> _TASK DESCRIPTION_
Output the data word for word, dropping every image.

> _INFORMATION SUPPLIED_
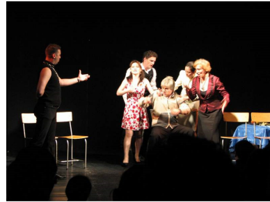
Scenă din „Căsătoria secretă” (Iași))
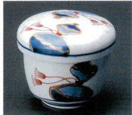
126-02-4B3 2,150円 2042126027 染錦ひさごむし碗(大) (7.5φ×7.5H) 126-03-4B3 2,000円 1942114031 染錦ひさご小むし碗 (6.8φ×7H)
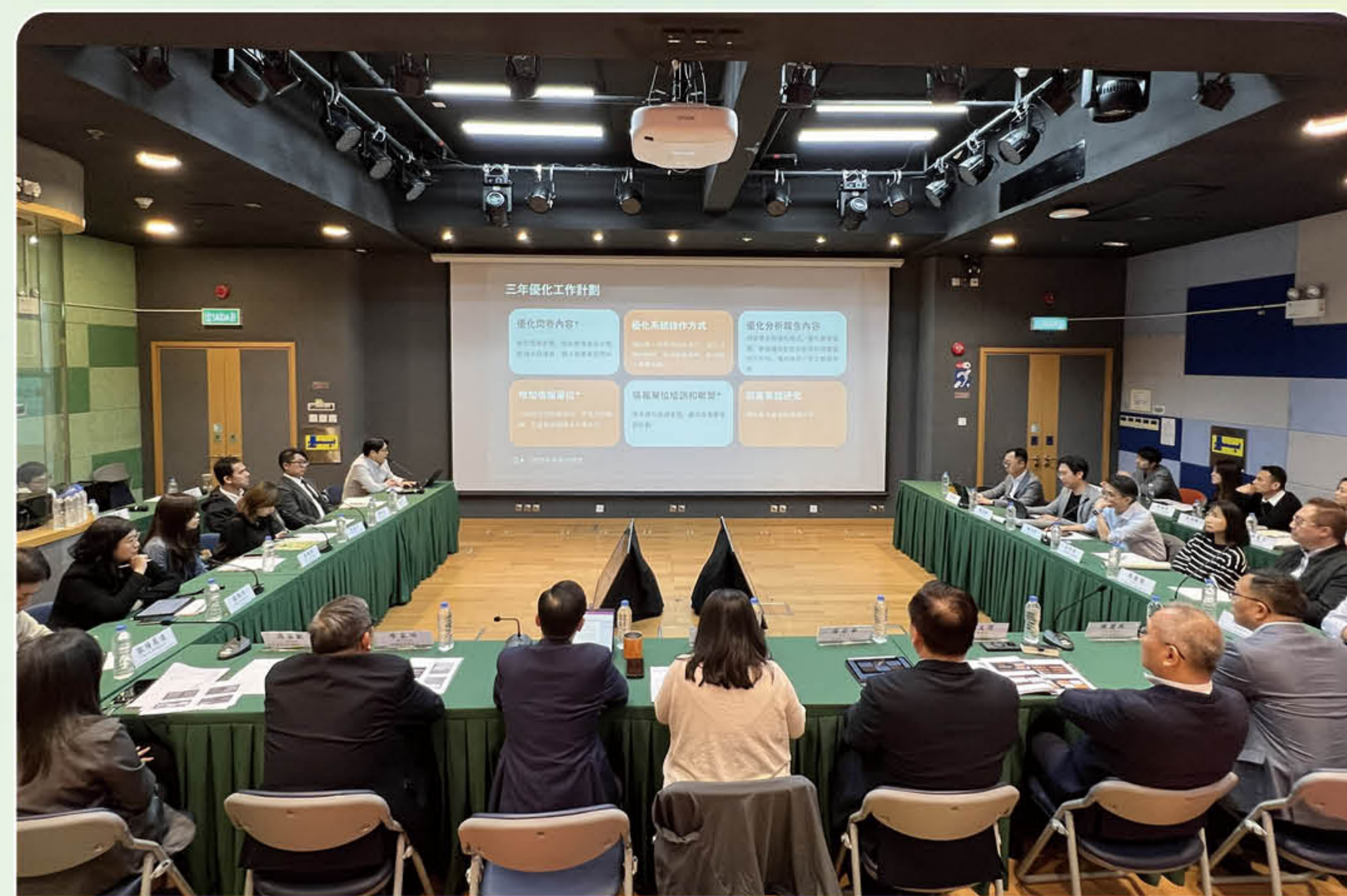
“關注青少年毒品問題工作小組會議” 會議情況

禁毒委員會轄下關注青少年毒品問題工作小組 2026 年度第一次會議於 3 月 18 日舉行。內容包括：2026 年預防藥物濫用工作重點介紹、專題分享「粵港澳大灣區禁毒跨域融合與實務交流計劃」、專項計劃執行情況和本年工作計劃等。小組成員建議持續關注青年培養和重返工作，積極面向家庭、海外留學青年開展宣傳教育，促進本澳與內地建立個案協作機制，並持續發揮小組資源優勢拓展多元預防濫藥工作。

> _RESULT_
Scenă din „Căsătoria secretă” (Iași))
126-02-4B3 2,150円 2042126027 染錦ひさごむし碗(大) (7.5φ×7.5H) 126-03-4B3 2,000円 1942114031 染錦ひさご小むし碗 (6.8φ×7H)
“關注青少年毒品問題工作小組會議” 會議情況

禁毒委員會轄下關注青少年毒品問題工作小組 2026 年度第一次會議於 3 月 18 日舉行。內容包括：2026 年預防藥物濫用工作重點介紹、專題分享「粵港澳大灣區禁毒跨域融合與實務交流計劃」、專項計劃執行情況和本年工作計劃等。小組成員建議持續關注青年培養和重返工作，積極面向家庭、海外留學青年開展宣傳教育，促進本澳與內地建立個案協作機制，並持續發揮小組資源優勢拓展多元預防濫藥工作。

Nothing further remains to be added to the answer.